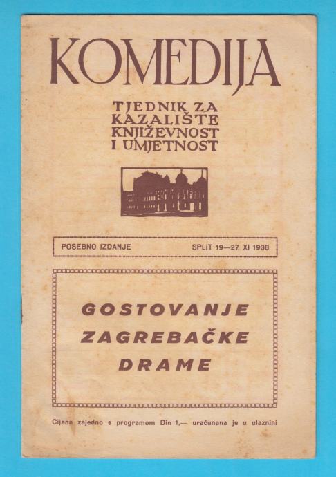 KOMEDIJA - Tjednik za kazalište, književnost i umjetnost * Split 1938.
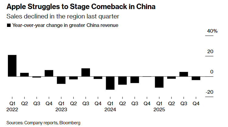 财报显示,截至9月的三个月内,苹果在中国市场的收入同比下降近4%,至145亿美元,远低于分析师平均预期的164亿美元。过去两年中,苹果在这一关键市场仅有一个季度实现增长。尽管如此,首席执行官库克在分析师电话会议上表达了对中国市场表现及新iPhone 17市场反响的信心。
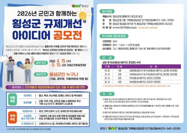 군은 일상생활과 생업현장에서 겪고 있는 각종 불합리한 규제를 개선하기 위해 군민과 함께하는 ‘2026년 횡성군 규제개선 아이디어 공모전’을 개최한다고 15일 밝혔다. 이번 공모전은 생활 속 불편사항을 발굴하고 개선방안을 제안함으로써 군민이 체감할 수 있는 규제혁신을 추진하기 위해 마련됐다.
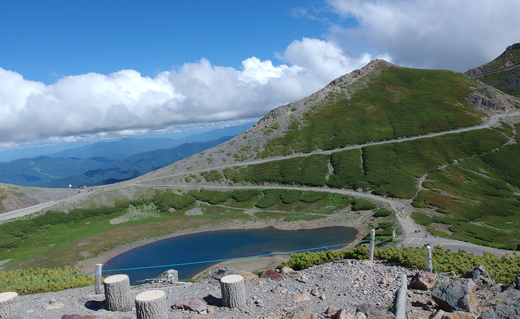 鶴ヶ池も青く素敵です!!乗鞍山頂の絵画のような風景に見入ってしまった。いやぁ~ホンマに来て目に焼き付けておいて損の無い風景です。いい思い出をさらに(笑)
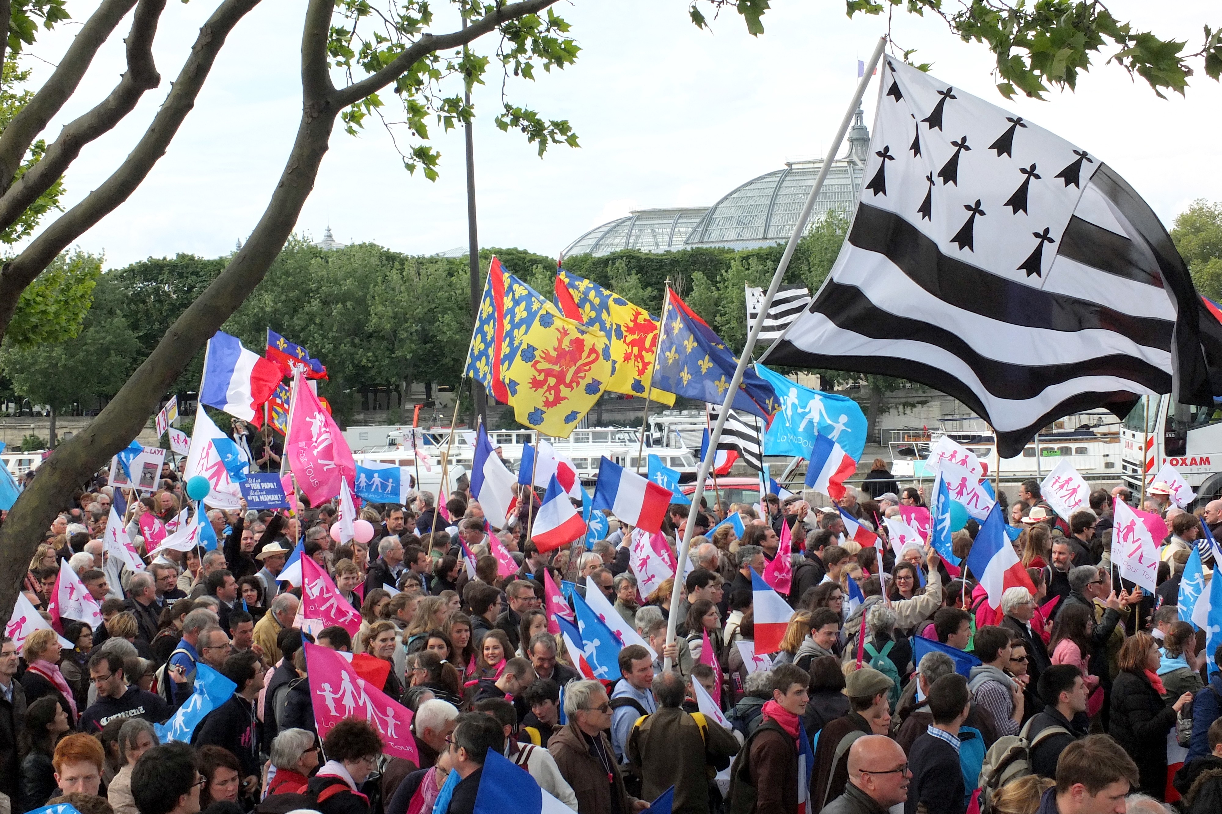 Frigide Barjot fiatalon a párizsi éjszakai élet ismert figurája volt, és (melegekkel barátkozó hetero nőként, „fag hag”-ként) melegbárokban lógott. Humorista lett, majd Lourdes-ban egy misztikus élmény hatására elkezdte komolyabban venni katolikus vallását. 2012-ben a korábban tanárként dolgozó Ludovine de La Rochère, valamint Albéric Dumont társaságában megalapította a Manif Pour Tous-t. A szervezet az azonos neműek házasságának engedélyezése (mariage pour tous) ellen lépett fel, 700 ezer aláírást gyűjtött, majd nagy (százezres) látogatottságú tüntetéseket szervezett több francia városban. (Egyes források szerint az egyik párizsi tüntetésükön egymillióan vettek részt.) A vidám tömegrendezvényeken a résztvevők a nemzeti lobogó mellett kék-rózsaszín, családpiktogramot ábrázoló zászlókat és transzparenseket lengettek.
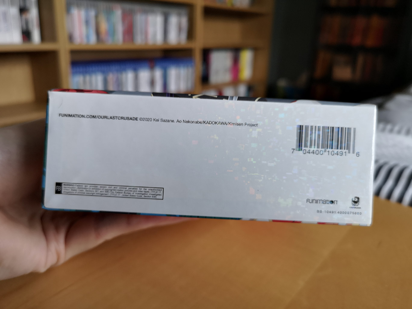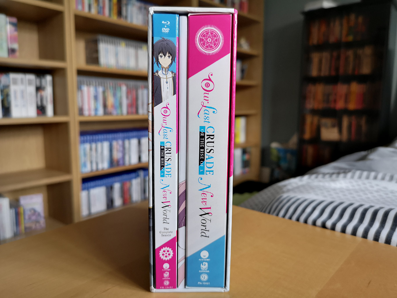 Funimation has been providing limited editions with a fair bit of physical content in recent years, but sometimes they tend to split the physical items into their own cardboard boxes or inside the rigid box. Our Last Crusade or the Rise of a New World falls into the same category as the latter, like Dr. STONE and Fire Force.
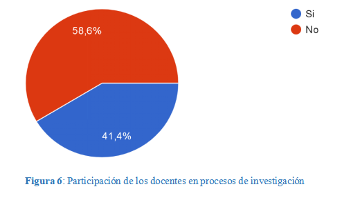 Según los resultados presentados en la figura 6, el 58,6% de los docentes no ha tenido ninguna participación investigativa. Este es un resultado muy alto e impactante, pues refleja una brecha significativa entre el profesional que se tiene y el que debería tenerse. Es necesario, entonces, promover y aumentar la capacidad y participación de los docentes en trabajos de investigación en educación. A pesar de ello, es muy significativo que el 41,4% de los docentes han participado en investigaciones.
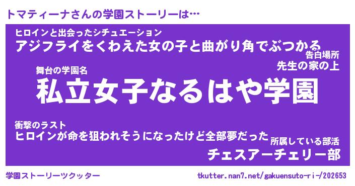 | 告白場所 先生の家の上 …「ふぃぎゅこ」 | 2月17日 06:24 |
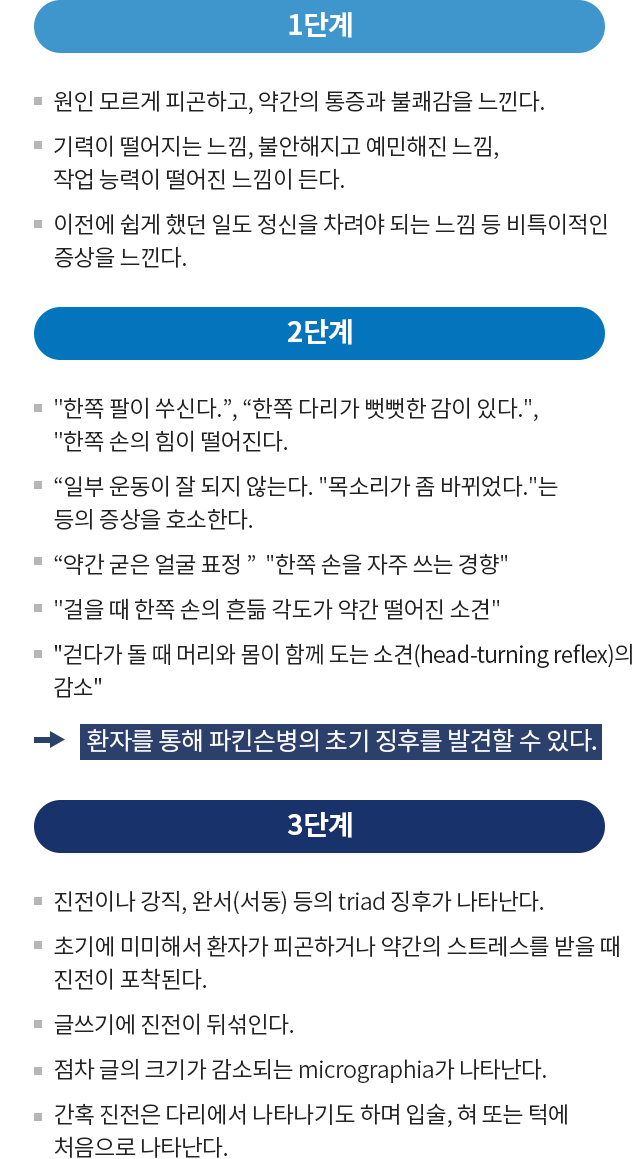 증상에 대한 완화와 진행단계를 지연시키는 것이 중점
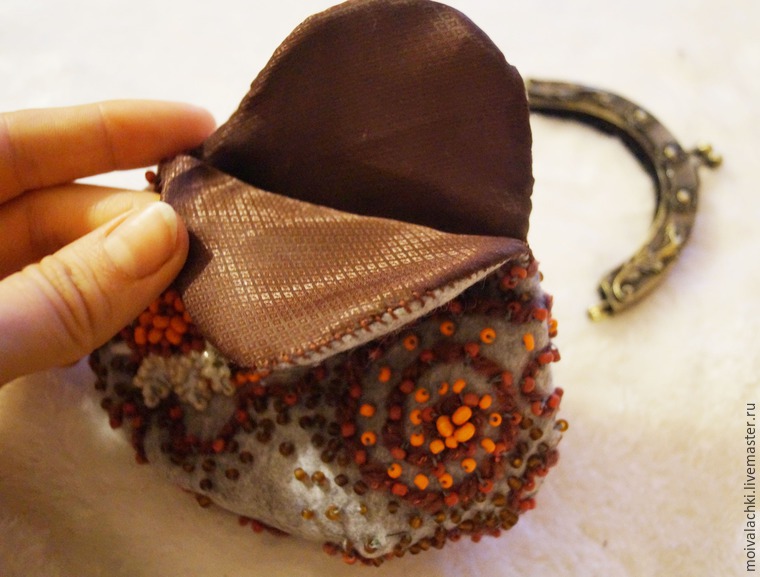 Fold in the edges and pin as you go. Getting the top corner folded in just right is difficuilt, but don't worry too much about it since you'll be covering that up with the bag straps.
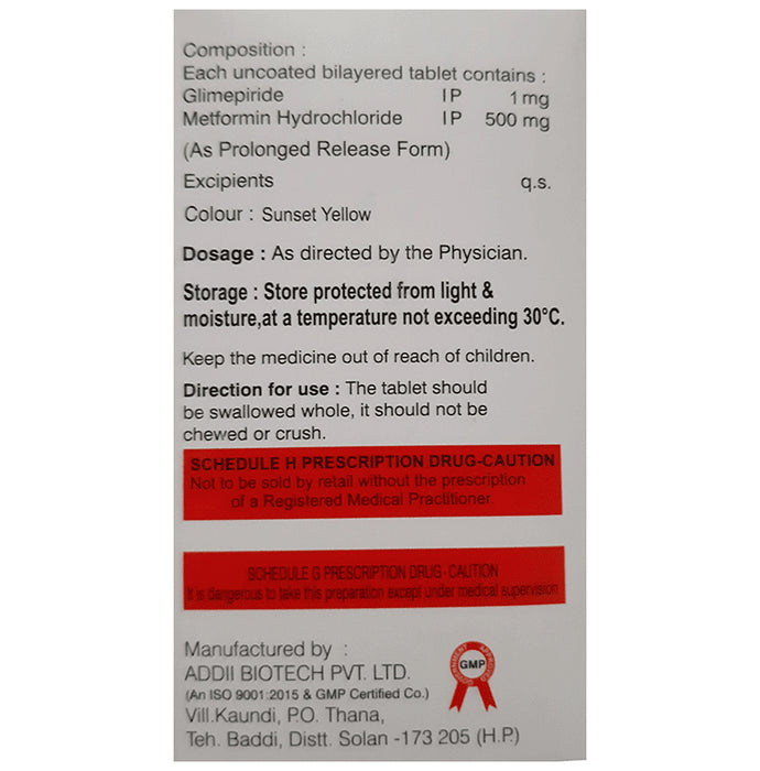 Composition : Glimepiride (1mg) + Metformin (500mg)

——————

The lines to be extracted begin at the line containing "Fold in the" and continue through the final line of the material above, both ends included. Reproduce them exactly, without the pictures.

#### [WRITTEN RESPONSE]
 Fold in the edges and pin as you go. Getting the top corner folded in just right is difficuilt, but don't worry too much about it since you'll be covering that up with the bag straps.
 Composition : Glimepiride (1mg) + Metformin (500mg)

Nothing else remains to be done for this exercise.